McElwain says the value of artists working with scientists is twofold. “They communicate complex science in a visual way that engages new audiences — reaching out to people with their heartstrings which scientists are not good at doing in dry academic publications,” she says.

The conversations between scientists and artists are very organic

—  Siobhán McDonald

On another level, McElwain says artists ask probing questions that are beneficial to scientists. “They send you off in a direction you mightn’t have considered. Or they ask basic questions that we have made assumptions about which makes us go back and look at what the fundamental science is built from.”

Often working alongside scientists through various collaborations, McDonald says that her focus remains on creating art even when artists are specifically invited to challenge more formal scientific methodology. “The conversations between scientists and artists are very organic,” she adds.

It was through her international residency (mainly via Zoom due to the pandemic) with artists and scientists in Studiotopia, that she was invited on a research vessel to Greenland with the US National Science Foundation in October 2022. Her mission was to record the changing acoustic and sensory environments.
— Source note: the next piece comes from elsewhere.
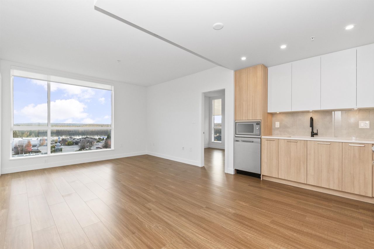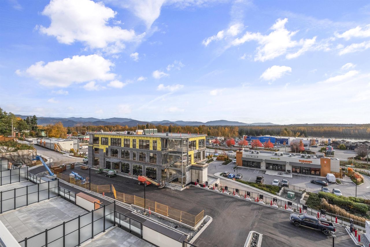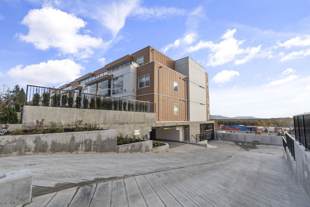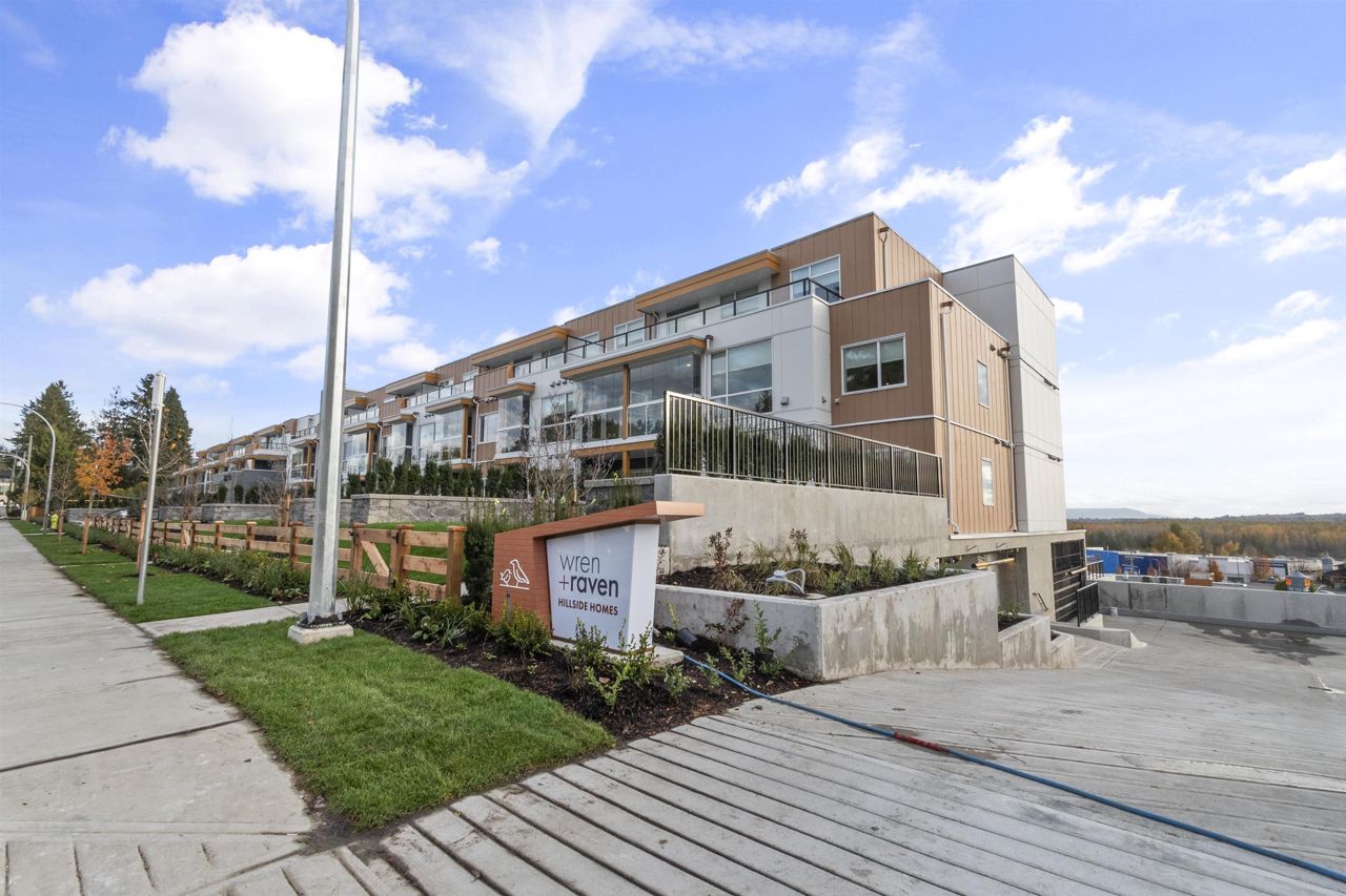 BRAND NEW CORNER UNIT w/STUNNING VIEWS! Wren & Raven is a fresh, modern community with rich amenities and shopping conveniences at your back door! With a beautiful contemporary design, it has two multi-story residential buildings that are nestled into the hill above Outlook Village with stunning views of the Fraser River & it's surrounding mountains. This unit features 2 bedrooms, 2 bathrooms , 803 sq. ft. of living space, large windows, high ceilings, laminate floors, radiant heating, Samsung appliances, 2 PARKING STALLS, storage locker & foldable glass panels to enclose the patio (Solarium). Pets & rentals permitted! The location offers instant access to the Lougheed Hwy. and West Coast Express train, schools, shops, services, restaurants, parks, recreation!

The scientists were analysing sea salinity, whale migration, ice floes and other phenomena as knowledge of sea level rise and accelerated ice melting continue to cause great concern around the world.

“I like to go to fragile places in the world where you can see the forces of nature gather. Greenland is one of the only places known on earth where it is possible to fully grasp the timeless, unpopulated wilderness,” she explains.

On the ship, she had a glass studio upstairs with 360-degree views. “I got to see 20,000 years pass by as the boat moved slowly past icebergs. During the trip, I collected [glacier] water, I drew, painted, wrote and made installations on the boat.” She also took stunning photographs of icebergs as they broke off the land and waters of west Greenland.

According to McDonald, The Boglands Are Breathing imagines an emerging ecosystem inspired by the ground and all the visible and invisible interactions that run through it and the potential it holds.

For example, there are photographs of melting icebergs, a painting of people walking on an Icelandic glacier and a glass vessel filled with 20,000-year-old glacial water. There is also incredible footage of the process of drilling down into gigantic ice blocks, brought back from the British Antarctic Survey expeditions.

And in A Library of Lost Smells, McDonald has arranged glass shelves full of bottles with distilled essences of underground and over-ground smells from Irish bogs. “These smells are a connection with memory. It’s a response to Prof Helen Sheridan’s project, Unlocking Nature’s Pharmacy at Trinity College Dublin.”

The aim is to transport participants through time as a reminder of the increasing levels of plant extinction,” explains McDonald who grew up close to the boglands of Co Monaghan.

It’s about deep time — the slow-moving processes on the earth

—  Siobhán McDonald

Another exhibit is an illuminated book made from the animal skin used in ancient manuscripts (inspired by the Fadden More Psalter which was discovered in a peat bog in 2006), showing remedies made from the essences in the scent library.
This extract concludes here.